Closed BernhardGlueck closed 4 years ago

BernhardGlueck commented 4 years ago

Hi ! First, great implementation, much better than most out there when it comes to code clarity.

I am running into some small issues: When dataset entries are handed of too albumentations, albumentations throws a value array because the bbox of an annotation is too small. It seems to me that after checking my dataset that this comes from numerical imprecision when rastering the mask polygons and calculating the bbox based on those ... Any advice ?

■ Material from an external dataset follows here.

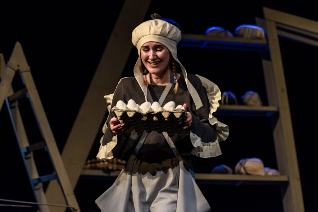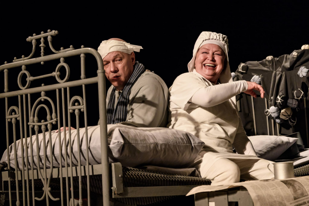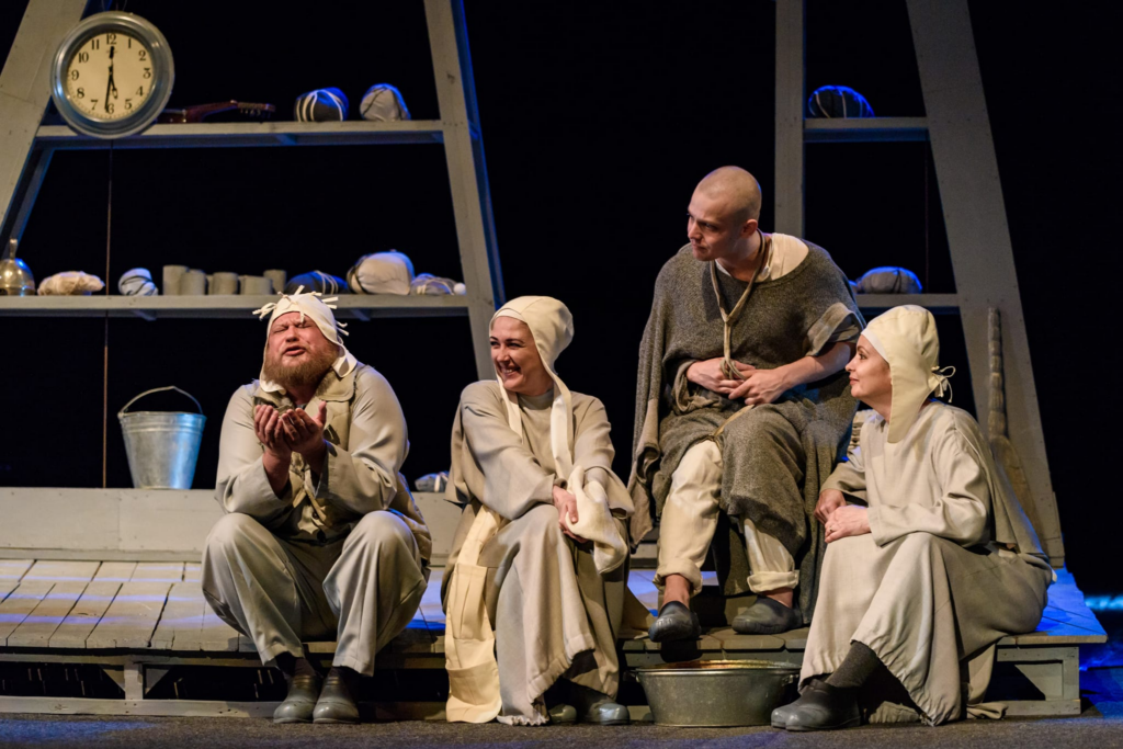 Спробою перетворити драму на трагікомедію (так зазначено в афіші), послужили дві інтермедії, але, на жаль, а може на радість, вони не змогли вплинути на стриманий, навіть аскетичний стиль спектаклю, залишаючись у загальному контексті сценічної дії лише фрагментами для розрядки емоційної напруги.

Secondly, the code assumes that category_ids are continuous from 0 to x ... i can work around that by remapping them, but there are a lot of places in the codebase where this is used and so far i have not managed to find one central place where to do the remapping so that it gets picked up by all other parts of the codebase. Our category ids come from a licensed SAAS tool for image labeling, and as such we have to remap them after exporting from there, as we cannot change the SAAS providers code ..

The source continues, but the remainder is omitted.